President Meron's Address on the Occasion of the 10th Anniversary of the Srebrenica Genocide

Please find attached the full text of the President's speech delivered in Potocari on 11 July 2005 at the commemoration of the 10th anniversary of the Srebrenica genocide.

Upon the Commemoration of the Genocide at Srebrenica

This is a day, I think it is safe to say, that we all wish we were not commemorating. Not because the commemoration is inappropriate; on the contrary, it is the least we can do. But the occasion is a sorrowful one, the events we remember traumatic. Each of us shares in the fervent wish that they had never occurred.

But they did, and we are here today to pay tribute to those who died and to reflect on the causes and consequences of their tragedy. And in remembering, we hope to prevent such atrocities from occurring again. That, indeed, is one of the principal goals of the International Tribunal: to achieve justice through reason rather than force; to uphold the basic principles of human rights and due process; to eliminate impunity not through vengeance, but through the rule of law.

The judges of the Tribunal have been clear about what happened here. As the Appeals Chamber stated in the case against General Krstic, the Commander of the Drina Corps of the Bosnian Serb Army, after a painstaking examination by the ICTY of all the relevant evidence:

"By seeking to eliminate a part of the Bosnian Muslims, the Bosnian Serb forces committed genocide.
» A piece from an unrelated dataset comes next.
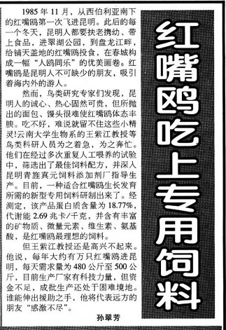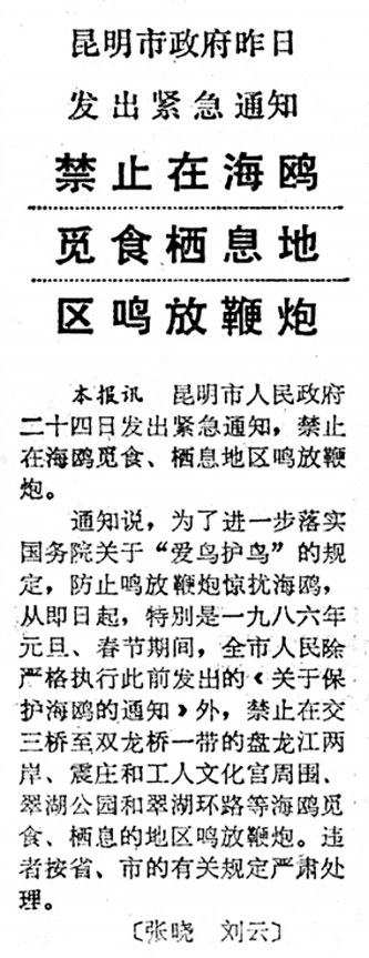 又见 1986年11月13日《云南日报》1版,刊发了红嘴鸥再次光临昆明的消息。

They targeted for extinction the 40,000 Bosnian Muslims living in Srebrenica, a group which was emblematic of the Bosnian Muslims in general.
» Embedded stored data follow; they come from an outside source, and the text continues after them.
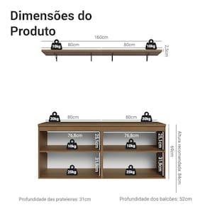 - 31 cm de profundidade nas prateleiras e 52cm nos balcões
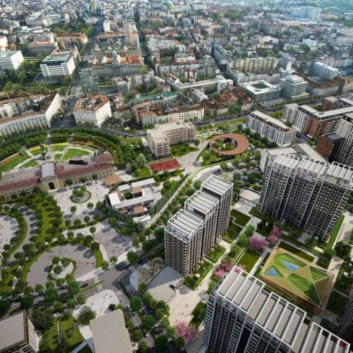 Kompeks čine četiri samostojeće kule gde svaka ima prepoznatljiv arhitektonski identitet. Viši spratovi namenjeni su stanovanju, dok se u prizemlju nalaze maloprodajni, ugostiteljski i uslužni sadržaji, čime se stvara uravnotežen urbani ambijent.
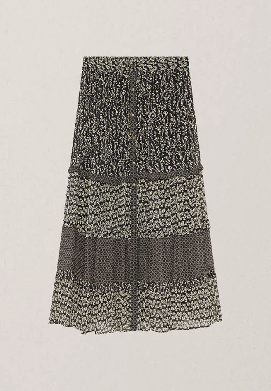 This version comes in airy georgette viscose, dark ground with golden florals, layered tier over tier like a memory retold. The cut is long, fluid, a silhouette that sways but never drifts away.

They stripped all the male Muslim prisoners, military and civilian, elderly and young, of their personal belongings and identification, and deliberately and methodically killed them solely on the basis of their identity. The Bosnian Serb forces were aware, when they embarked on this genocidal venture, that the harm they caused would continue to plague the Bosnian Muslims.

The Appeals Chamber states unequivocally that the law condemns, in appropriate terms, the deep and lasting injury inflicted, and calls the massacre at Srebrenica by its proper name: genocide. Those responsible will bear this stigma, and it will serve as a warning to those who may in future contemplate the commission of such a heinous act."

These words of the Tribunal's Appeals Chamber are unmistakeable: the crimes that were committed here were not simply murders; they were targeted at a particular human group with the intent to destroy it. They were so heinous as to warrant the gravest of labels: genocide. It is our responsibility at the Tribunal to see that justice is done for those who lost their lives here, and that the people responsible for these unspeakable offences are tried and punished.

The Tribunal's work in bringing justice and contributing to reconciliation in the region will go unfinished, and the record will remain incomplete, so long as the most prominent indictees remain at large. It is fitting on this occasion to call once again for the arrest and transfer to The Hague of Radovan Karadzic and Ratko Mladic. Those who continue to shelter these fugitives only further the cause of impunity and show contempt for the memory of the victims we honour today. In delivering up Karadzic and Mladic to the Tribunal, the Serbian authorities would not only be responding to international legal obligations, but they would also be serving their people's best interests. The fugitives' time in hiding must end, not next month, but this month; not tomorrow, but today. The victims of Srebrenica deserve it; justice requires it.

The human imagination cannot truly grasp the reality of the crimes that were committed here ten years ago. This much is certain: mere words can neither capture nor convey the horror of these atrocities. The meaning of what transpired is written in the lives that were lost, the prayers that still go out, the hearts that continue to weep. In solidarity with the victims and their loved ones, we at the Tribunal will persist in our efforts to render justice and uphold basic principles of human rights. And through our work we strive to pay a humble but fitting tribute to the victims we remember today.